Simon Singh, science writer and defendant in British Chiropractic Association v Singh: “The pressure, both emotional and financial, faced by all the defendants in this case has been extraordinary and unreasonable. It is easy to see why many back down when faced with a libel threat, even if they are confident that what they have written is correct and in the public interest. I am glad that these defendants have been courageous enough to take on the immense risks associated with being a libel defendant.”

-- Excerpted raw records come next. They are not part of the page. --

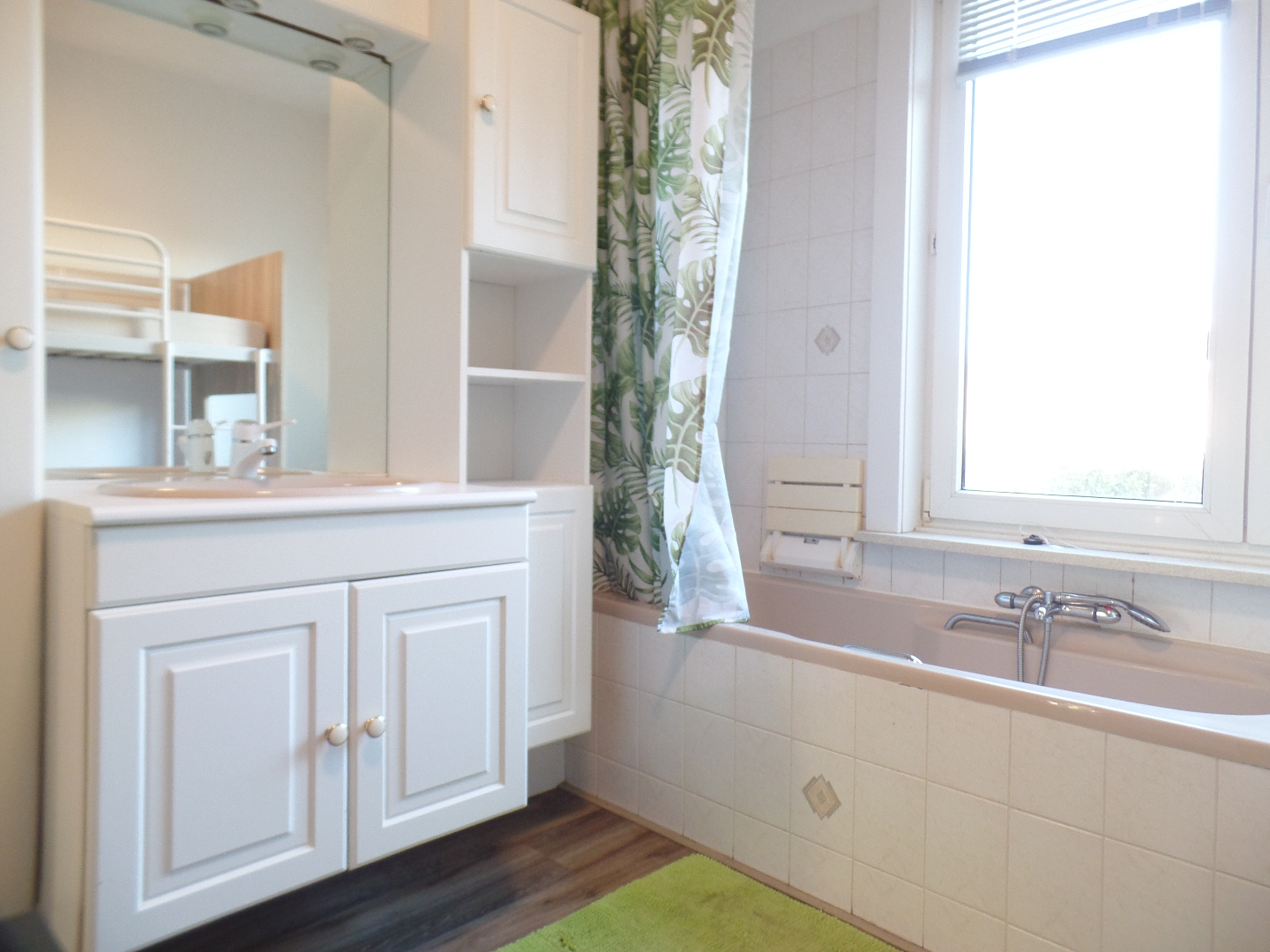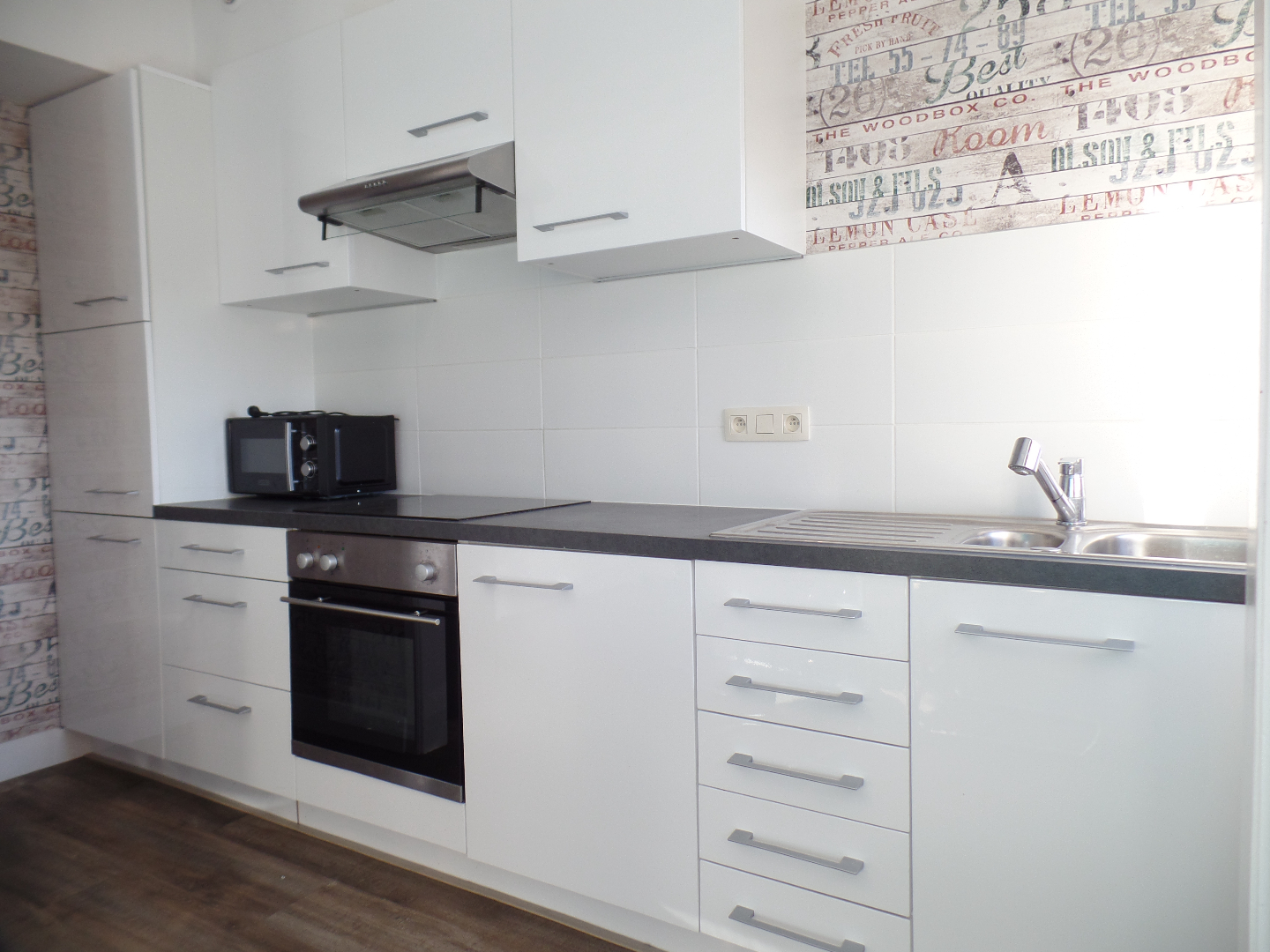 Woonkamer met open ingerichte keuken, 1 slaapkamer, badkamer met ligbad en wastafel, apart toilet, berging met aansluiting voor wasmachine, TUIN.
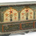 At the top end of the scale is an ancient but remarkable blanket chest, allegedly crafted by Johannes Rank of the Rank-Selzer families of makers and decorators. Hailing from Dauphin (now Lebanon) County in Pennsylvania, the decorated chest is dated 1791 - only 10 years after the American Revolution.
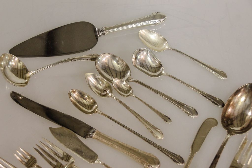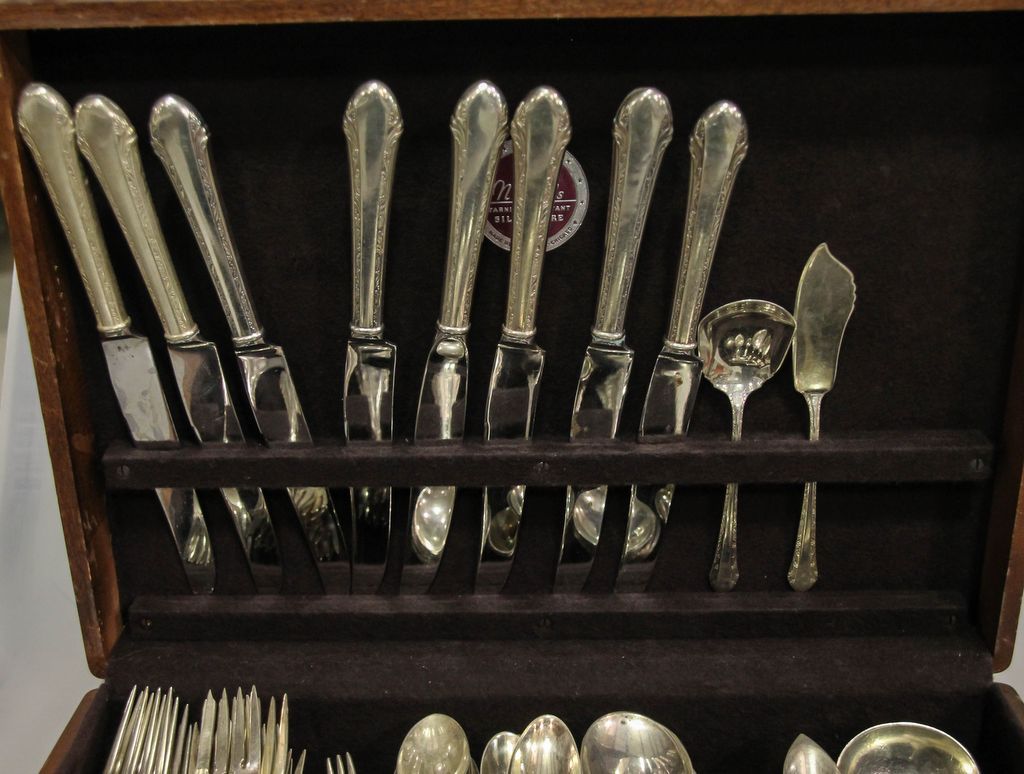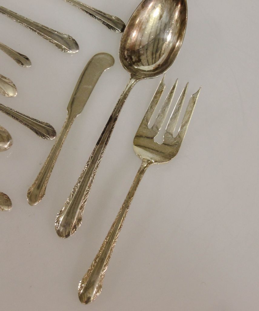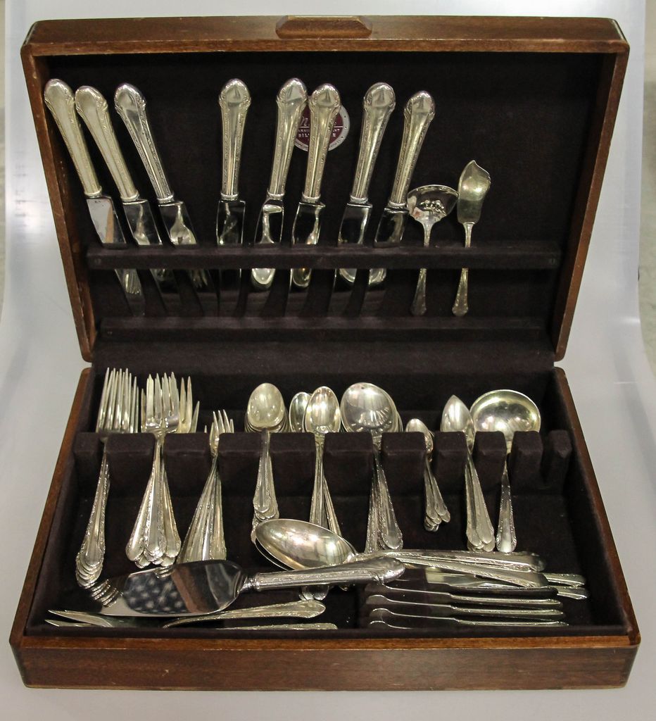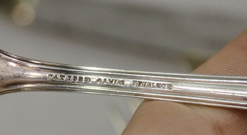 Set of Alvin sterling flatware (1933) consisting of eight dinner forks, twelve salad forks, eight cocktail forks, thirteen teaspoons, eight soup spoons, eight iced teaspoons, seven grapefruit spoons, eight demitasse spoons, eight knives, eight butter knives and eight serving pieces, 97 total pieces, 90.465 troy ounces Set of Alvin sterling flatware (1933) consisting of eight dinner forks, twelve salad forks, eight cocktail forks, thirteen teaspoons, eight soup spoons, eight iced teaspoons, seven grapefruit spoons, eight demitasse spoons, eight knives, eight butter knives and eight serving pieces, 97 total pieces, 90.465 troy ounces

Tracey Brown, Sense About Science: “There are no winners here. This case has taken years and cost the courts and everyone concerned a ridiculous amount of money, and nothing has been achieved by it except a chill on what people are prepared to discuss in public. The current laws don’t protect reputation, they serve vanity. The Libel Reform Campaign is arguing that a higher threshold of seriousness and stronger defences, particularly a public interest defence, would end the threat of ruinous, lengthy court proceedings. At the moment, trivial cases are causing a chilling effect that is far from trivial.”
Jonathan Heawood, English PEN, part of the Libel Reform Campaign: “No-one likes a bad book review but these should only be the subject of a libel action in the most exceptional circumstances. Reviews are almost always an expression of opinion, not a statement of fact. And we are all entitled to our opinions.”
Jo Glanville, Index on Censorship, part of the Libel Reform Campaign: “This case demonstrates the urgent need for libel reform and for legislation that addresses the impact of the digital revolution, protecting ISPs, websites and search engines from groundless threats. Libel reform that would oblige claimants to approach authors of material first would mean Richard Dawkins, Amazon.co.uk and the Richard Dawkins Foundation for Reason and Science would never have been drawn into this case.”
Dr Evan Harris, Policy Advisor to the Libel Reform Campaign: “This is exactly the sort of case that should never even have got off the ground. We need the planned reform of libel laws to include a new, higher hurdle before cases can proceed so that trivial and vexatious claims like this get thrown out at the start.”